De mon corps, je n’ai pas de nouvelles. C’est une poste restante. La niche des lettres oubliées. Mon corps, sur le bord de la route avec sa gueule cadenassée, attendant que quelqu’un questionne et emprunte le chemin de la maison. Mon corps tend la main, mon corps s’assied, mon corps de fatigue s’allonge sur le banc. Mon corps qui se perd souvent entre mes mains, comme si je jetais mon esprit dans un masque de phalanges et d’ongles.

Je n’ai pas de nouvelles. Dans la plaine, près des bois cousus en contre-champ, mon corps est une embarcation promise à des vents et des marées sans ordre de mise en eaux. Je n’ai pas nouvelles. Je suis si sage. Une boîte de fers dressée au coin d’une clôture.

Tu as dit attends-moi. Je n’ai pas bougé. Il y a des saisons. On pourrait ici faire de moi ces montages d’images qui défilent de saisons en saisons et voir pourrir mon âme tout le long de mes chairs, s’effondrer doucement ma chevelure alors que les vents passent et m’usent. On verrait ma taille s’enfoncer dans mes grolles, et ces paupières résistantes qui fixent l’objectif toujours. Je n’ai pas dévié d’une ligne. Mon corps est un menhir dans lequel tu as enfoui tes coups de poings, tes morsures. Tu as tenté de me donner la vie.
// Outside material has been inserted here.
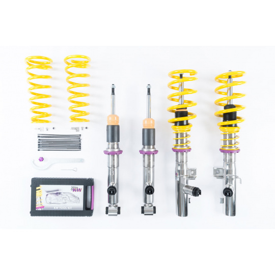 Aby byla zaručena maximální životnost podvozku KW Automotive bez ohledu na podmínky, ve kterých je používán, jsou obaly tlumičů konstrukce McPherson vyráběny výhradně z nerezové oceli. Ve spojení s antikorozní úpravou pružin a nerezovou maticí pro nastavení výšky obalenou do polyamidového kompozitu si tak podvozek KW Automotive udržuje perfektní vzhled a bezproblémové přenastavení výšky kdykoliv je to třeba.

Je te le dis maintenant, dedans mon corps a toujours gardé le son, l’onde parfaite de ton harmonie. Je suis un gnomon magnétique. Mon corps ne peut que faire courir son ombre sur le sol. Il attend encore de tes nouvelles, la lettre qui venait, une carte, un autre message, la flèche directionnelle qui me foutait aux étoiles.

Je sais, tu ne me crois pas. Tu n’as pas idée de ce que font les pensées pour agir, là où rien ne peut jamais bouger.